[Material shown — start]
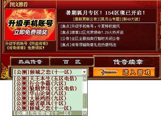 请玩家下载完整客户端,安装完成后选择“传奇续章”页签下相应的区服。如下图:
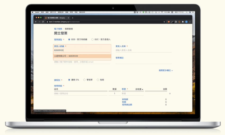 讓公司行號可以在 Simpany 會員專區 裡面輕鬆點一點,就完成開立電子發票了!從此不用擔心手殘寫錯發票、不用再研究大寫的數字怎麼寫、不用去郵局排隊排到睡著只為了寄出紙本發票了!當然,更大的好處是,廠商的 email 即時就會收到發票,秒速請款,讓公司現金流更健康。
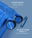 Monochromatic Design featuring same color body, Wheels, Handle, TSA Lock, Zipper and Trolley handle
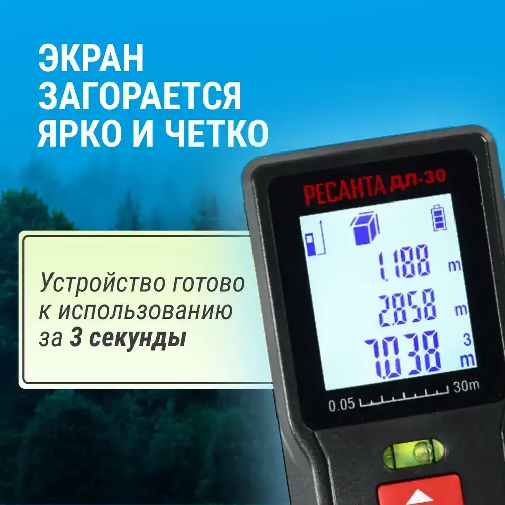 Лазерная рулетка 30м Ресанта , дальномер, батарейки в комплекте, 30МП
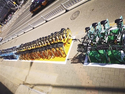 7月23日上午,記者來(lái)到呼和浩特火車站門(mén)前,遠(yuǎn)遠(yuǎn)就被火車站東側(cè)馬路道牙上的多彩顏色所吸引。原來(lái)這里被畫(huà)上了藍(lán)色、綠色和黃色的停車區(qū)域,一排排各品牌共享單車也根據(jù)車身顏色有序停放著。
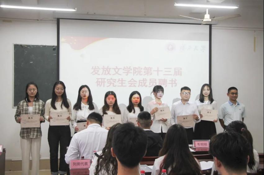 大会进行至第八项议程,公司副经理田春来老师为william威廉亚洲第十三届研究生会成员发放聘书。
[Material shown — finish]
[Material shown — start]
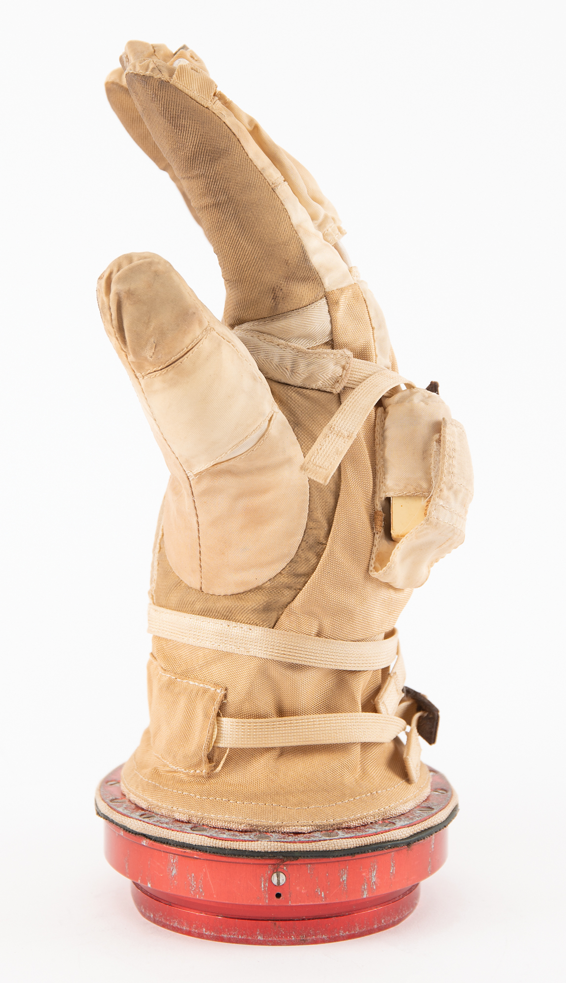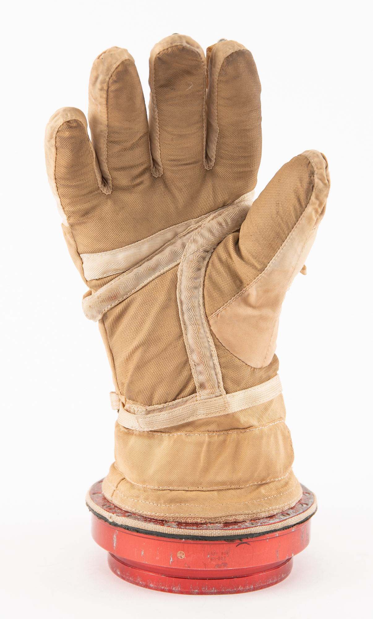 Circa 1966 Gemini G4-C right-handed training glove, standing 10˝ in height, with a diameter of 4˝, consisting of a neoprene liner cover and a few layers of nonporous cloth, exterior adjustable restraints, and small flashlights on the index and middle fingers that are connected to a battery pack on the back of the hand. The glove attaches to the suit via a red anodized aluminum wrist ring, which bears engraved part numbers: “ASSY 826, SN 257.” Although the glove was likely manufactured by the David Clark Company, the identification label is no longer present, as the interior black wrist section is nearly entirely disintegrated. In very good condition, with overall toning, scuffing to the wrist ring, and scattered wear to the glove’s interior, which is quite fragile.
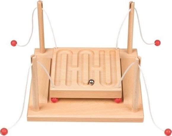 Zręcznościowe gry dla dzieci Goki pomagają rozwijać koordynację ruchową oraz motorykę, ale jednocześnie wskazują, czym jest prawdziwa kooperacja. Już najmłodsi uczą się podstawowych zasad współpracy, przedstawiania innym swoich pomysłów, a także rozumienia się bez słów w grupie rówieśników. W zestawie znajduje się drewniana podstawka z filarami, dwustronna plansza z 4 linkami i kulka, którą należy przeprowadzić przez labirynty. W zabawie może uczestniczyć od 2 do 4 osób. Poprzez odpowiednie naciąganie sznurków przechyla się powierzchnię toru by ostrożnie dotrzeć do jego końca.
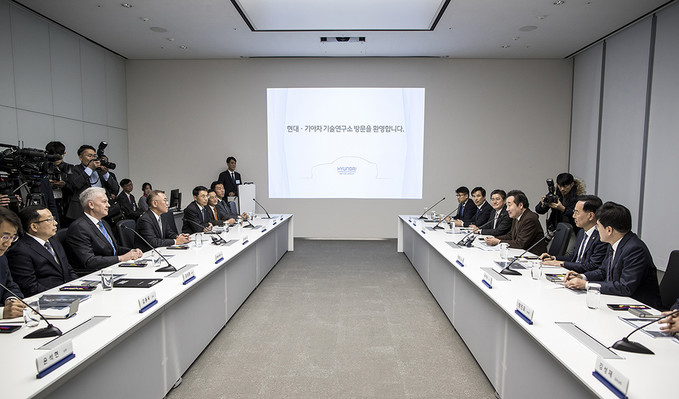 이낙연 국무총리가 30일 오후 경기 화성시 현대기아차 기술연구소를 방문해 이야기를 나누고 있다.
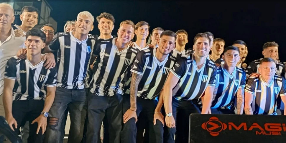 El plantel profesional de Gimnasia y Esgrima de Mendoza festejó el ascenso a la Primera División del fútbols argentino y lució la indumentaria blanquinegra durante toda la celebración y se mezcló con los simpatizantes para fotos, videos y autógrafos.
[Material shown — finish]
● **Task instructions**: Set down word for word the lines above from the one with "讓公司行號可以在 Simpany 會員專區" up to and including the one with "Лазерная рулетка 30м". Omit every picture.

● **Written solution**:
 讓公司行號可以在 Simpany 會員專區 裡面輕鬆點一點,就完成開立電子發票了!從此不用擔心手殘寫錯發票、不用再研究大寫的數字怎麼寫、不用去郵局排隊排到睡著只為了寄出紙本發票了!當然,更大的好處是,廠商的 email 即時就會收到發票,秒速請款,讓公司現金流更健康。
 Monochromatic Design featuring same color body, Wheels, Handle, TSA Lock, Zipper and Trolley handle
 Лазерная рулетка 30м Ресанта , дальномер, батарейки в комплекте, 30МП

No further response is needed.